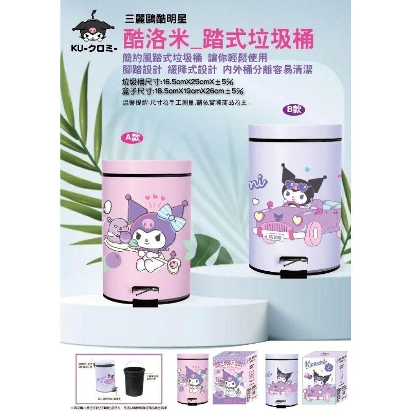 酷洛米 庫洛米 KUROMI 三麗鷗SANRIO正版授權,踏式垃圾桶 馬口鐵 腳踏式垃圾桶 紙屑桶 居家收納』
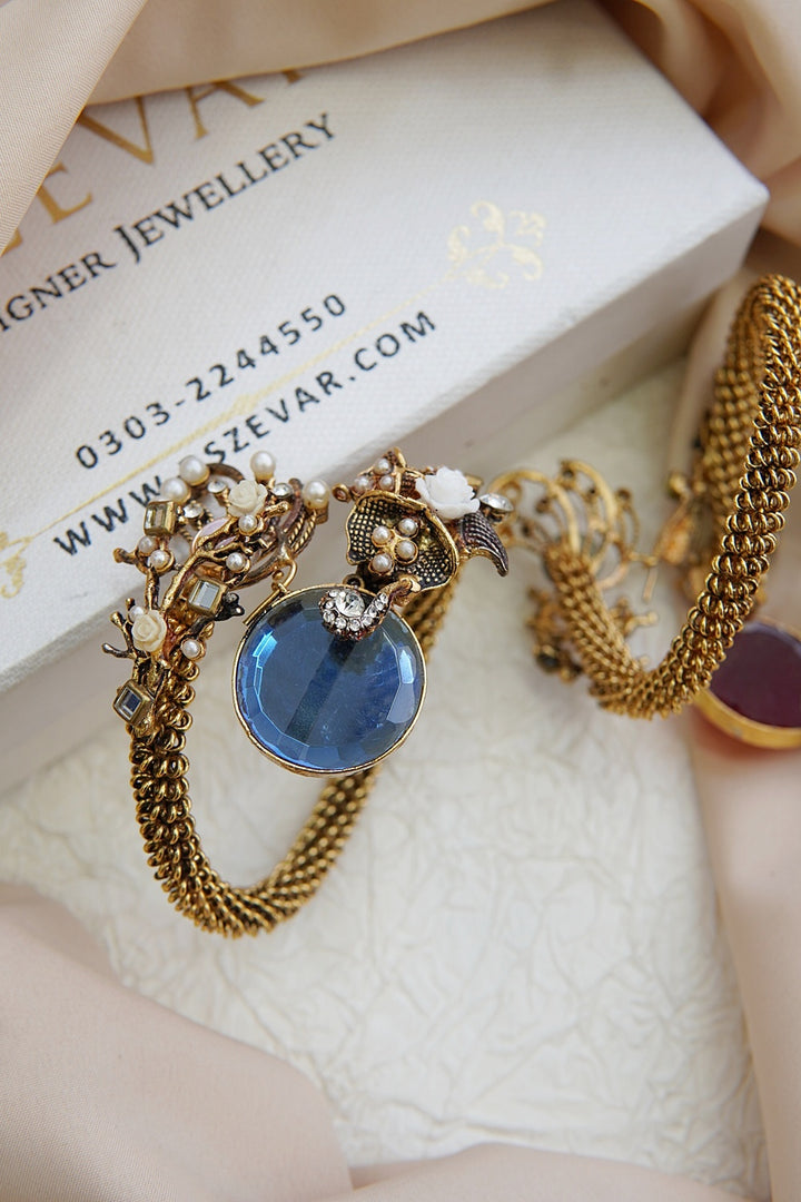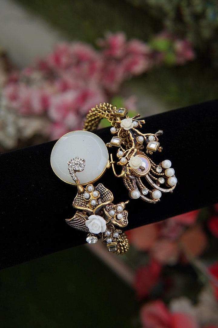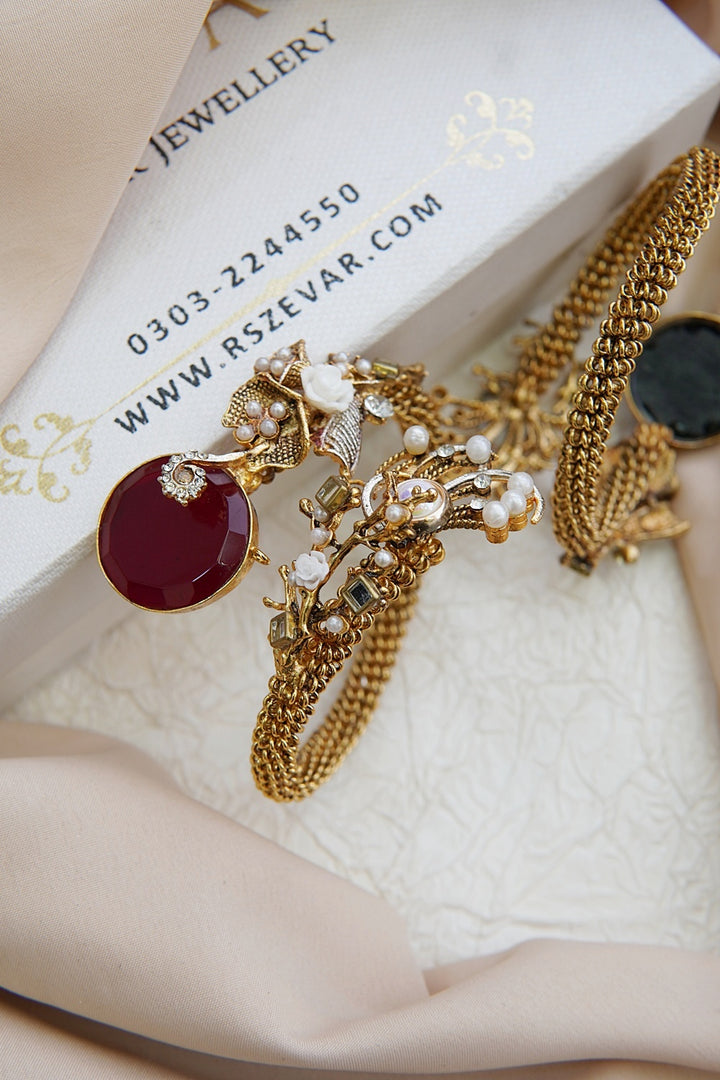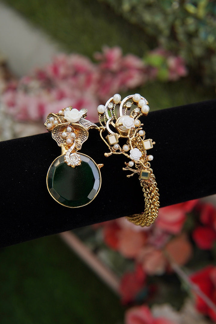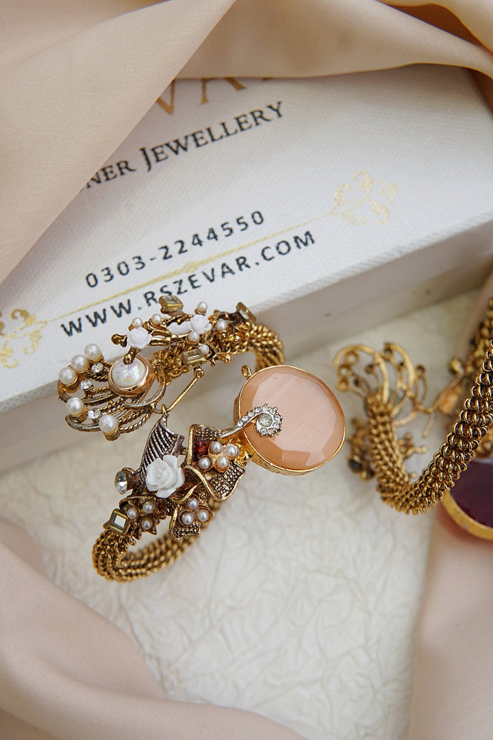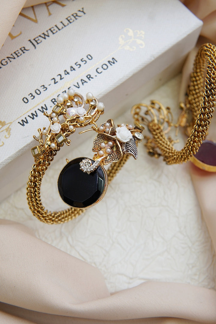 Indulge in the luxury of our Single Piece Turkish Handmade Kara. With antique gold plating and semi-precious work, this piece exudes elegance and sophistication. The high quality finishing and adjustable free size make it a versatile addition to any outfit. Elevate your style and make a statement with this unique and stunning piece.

━━━

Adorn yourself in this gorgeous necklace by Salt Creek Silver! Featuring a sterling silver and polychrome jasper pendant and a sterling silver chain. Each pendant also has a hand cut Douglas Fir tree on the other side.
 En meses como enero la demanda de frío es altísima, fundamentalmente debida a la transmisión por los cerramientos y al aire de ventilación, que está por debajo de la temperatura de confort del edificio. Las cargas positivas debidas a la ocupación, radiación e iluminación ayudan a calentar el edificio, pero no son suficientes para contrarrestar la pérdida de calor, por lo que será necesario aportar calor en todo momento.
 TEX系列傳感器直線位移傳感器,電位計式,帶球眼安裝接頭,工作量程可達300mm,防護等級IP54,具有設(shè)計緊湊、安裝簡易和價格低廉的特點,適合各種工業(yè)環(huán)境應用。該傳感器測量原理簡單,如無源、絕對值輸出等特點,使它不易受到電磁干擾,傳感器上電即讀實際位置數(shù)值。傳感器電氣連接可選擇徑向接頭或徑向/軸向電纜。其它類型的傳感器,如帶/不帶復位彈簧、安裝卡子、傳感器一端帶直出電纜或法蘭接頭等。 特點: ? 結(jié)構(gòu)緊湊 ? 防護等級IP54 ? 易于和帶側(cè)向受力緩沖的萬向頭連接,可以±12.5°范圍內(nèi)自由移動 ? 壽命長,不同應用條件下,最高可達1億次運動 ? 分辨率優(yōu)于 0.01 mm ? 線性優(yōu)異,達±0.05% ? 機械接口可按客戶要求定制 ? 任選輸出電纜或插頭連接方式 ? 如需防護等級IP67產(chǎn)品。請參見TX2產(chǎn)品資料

━━━

Copy the records above exactly, beginning at the line that contains "Adorn yourself in" and stopping after the line that contains "任選輸出電纜或插頭連接方式 ? 如需防護等級IP67產(chǎn)品。請參見TX2產(chǎn)品資料".

Adorn yourself in this gorgeous necklace by Salt Creek Silver! Featuring a sterling silver and polychrome jasper pendant and a sterling silver chain. Each pendant also has a hand cut Douglas Fir tree on the other side.
 En meses como enero la demanda de frío es altísima, fundamentalmente debida a la transmisión por los cerramientos y al aire de ventilación, que está por debajo de la temperatura de confort del edificio. Las cargas positivas debidas a la ocupación, radiación e iluminación ayudan a calentar el edificio, pero no son suficientes para contrarrestar la pérdida de calor, por lo que será necesario aportar calor en todo momento.
 TEX系列傳感器直線位移傳感器,電位計式,帶球眼安裝接頭,工作量程可達300mm,防護等級IP54,具有設(shè)計緊湊、安裝簡易和價格低廉的特點,適合各種工業(yè)環(huán)境應用。該傳感器測量原理簡單,如無源、絕對值輸出等特點,使它不易受到電磁干擾,傳感器上電即讀實際位置數(shù)值。傳感器電氣連接可選擇徑向接頭或徑向/軸向電纜。其它類型的傳感器,如帶/不帶復位彈簧、安裝卡子、傳感器一端帶直出電纜或法蘭接頭等。 特點: ? 結(jié)構(gòu)緊湊 ? 防護等級IP54 ? 易于和帶側(cè)向受力緩沖的萬向頭連接,可以±12.5°范圍內(nèi)自由移動 ? 壽命長,不同應用條件下,最高可達1億次運動 ? 分辨率優(yōu)于 0.01 mm ? 線性優(yōu)異,達±0.05% ? 機械接口可按客戶要求定制 ? 任選輸出電纜或插頭連接方式 ? 如需防護等級IP67產(chǎn)品。請參見TX2產(chǎn)品資料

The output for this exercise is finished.